И вдруг камень в сердце треснул и рассыпался в пыль. Не думая о последствиях, Джудит наклонилась к Роберту.
— Я не могу предложить тебе ничего из того, о чем ты мечтаешь. Но готова сколько угодно слушать тебя. Скажи мне, что случилось в эту ночь, ведь я вижу, тебя что-то терзает.
4
Он подвинулся ближе к ней, так что его нога касалась ее коленей. И хотя в этом не было никакого сексуального намека, это движение показалось Джудит чересчур интимным.
— Тем далеким летом мы встретились, — начал вспоминать Роберт. Его задумчивый взгляд скользил мимо Джудит куда-то вдаль, словно перед ним открылась дорога в прошлое, которое ему почему-то не очень приятно было ворошить. — Знаешь, бывают в жизни моменты, которые вспоминаешь без всякой гордости. По правде говоря, я предпочел бы, чтобы их вообще не было. Или вообще о них не помнить. Как, например, тот случай с тобой…

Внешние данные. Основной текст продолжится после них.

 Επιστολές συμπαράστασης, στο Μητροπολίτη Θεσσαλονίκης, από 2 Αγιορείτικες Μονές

— Впрочем, как и с другими. — Джудит не могла упустить возможности съязвить. — Если принять во внимание тот факт, сколько у тебя было любовниц, я должна быть польщена тем, что ты меня еще помнишь. Но жду твоего объяснения, что же случилось той ночью?

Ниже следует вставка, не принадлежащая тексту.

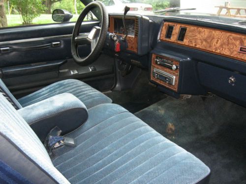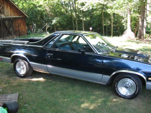 Up for auction: A nice looking 1982 Chevrolet El Camino with the Conquista trim package. It has 167,500 original miles. I am the third owner having purchased from the second owner’s widow. It was used as a weekend cruiser before his passing. The car appears to have been re-sprayed at some point with the two tone dark blue metallic and silver paint. Sadly the paint is beginning to chip in some places like around the hood cowl, door handles and license plate. This was a non smoking vehicle and the interior is nice for a car its age beside a bleach mark in the center of the carpet and split in the center of dashboard. Engine is the standard 305 C.I. 5.0L V-8 with an newer Edelbrock 1406 performer series carb and three speed automatic transmission that shifts nice and smooth. It runs and shifts GREAT! American Racing wheels have some corrosion but still have a nice shine. The front tires have about 55% tread left and the rear tires have about 50% tread left. Vehicle gets about 14 mpg and rides smooth. The car does have a few minor issues. It has power windows and locks but the locks do not work and
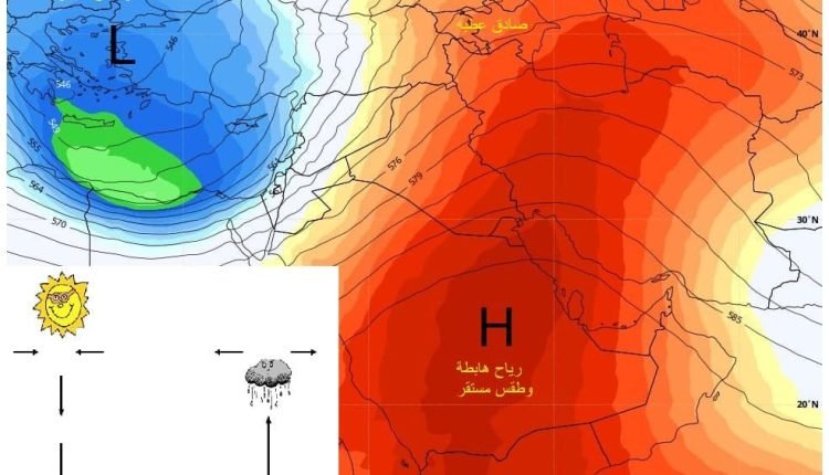 وتابع أن “الوضع الحالي يشير الى سيطرة مرتفع جوي على وسط الجزيرة العربية وجنوب العراق وصل تأثيره لمناطق الوسط ايضا نتيجة لضعف التبريد القادم من اوروبا فهو غير قادر على زحزحة المرتفع القوي”.

— Не спеши, Джудит. — Он положил свою ладонь на ее кисть и слегка сжал пальцы. Хотя Роберт и присутствовал здесь, в этой маленькой кухне, его мысли находились в далеком прошлом и за много миль отсюда. — Итак, тем злополучным сентябрем мы с приятелями отдыхали в Европе. В Париже решили взять напрокат машину и поколесить по дорогам Франции. Неделей позже недалеко от Нанта наша машина сбила велосипедистов. Маленькая девочка восемнадцати месяцев от роду была пристегнута к заднему сиденью. Она умерла на месте.
— Ты вел машину?
— Нет. Но я тоже вполне мог вести ее.
— И после того несчастного случая ты решил стать врачом? Тебе не кажется, Роберт, что ты рассказал весьма избитую историю. — Ее голос был холоден и язвителен, но не от черствости сердца. Просто ей необходимо было любыми путями противостоять собственным симпатиям к Роберту, которые с каждой минутой становились все сильнее и сильнее.

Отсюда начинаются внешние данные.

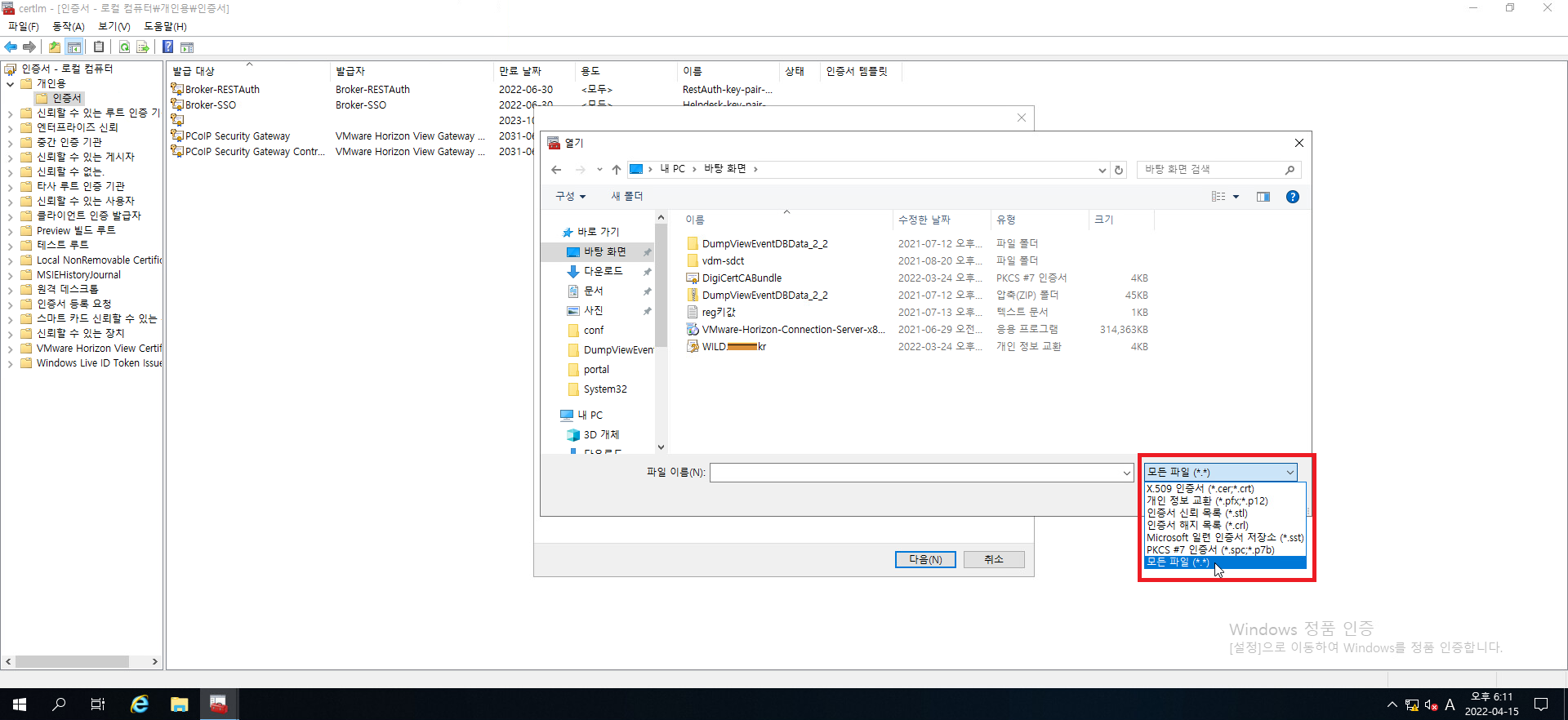 현재는 파일 형식이 *.cer, *.crt 되어 있어서 파일이 안보이는데

Джудит на секунду закрыла глаза и увидела Томаса таким, каким помнила его в полуторагодовалом возрасте. Она никогда не забудет, как это милое пухленькое создание бежало в ее распростертые материнские объятия. И вновь прокрутила в голове все те смешные трогательные словечки, которыми Томми веселил ее, когда еще только учился говорить. Господи, как же пуста и бессмысленна была бы жизнь без него. Смогла бы она пережить потерю сына?
— Нет, ты неправильно поняла. Я не бросился в первый же попавшийся медицинский колледж, если ты это имеешь в виду. Но семя было брошено. — Он с грустью посмотрел на нее. Его синие как океанская бездна глаза сейчас были похожи на раздавленную незабудку. — Глядя, как над погибшей девочкой рыдает мать, а отец не в силах ее утешить, я повзрослел, стал совершенно другим. Мне стала противна моя беспечная жизнь. Я изменился, причем навсегда.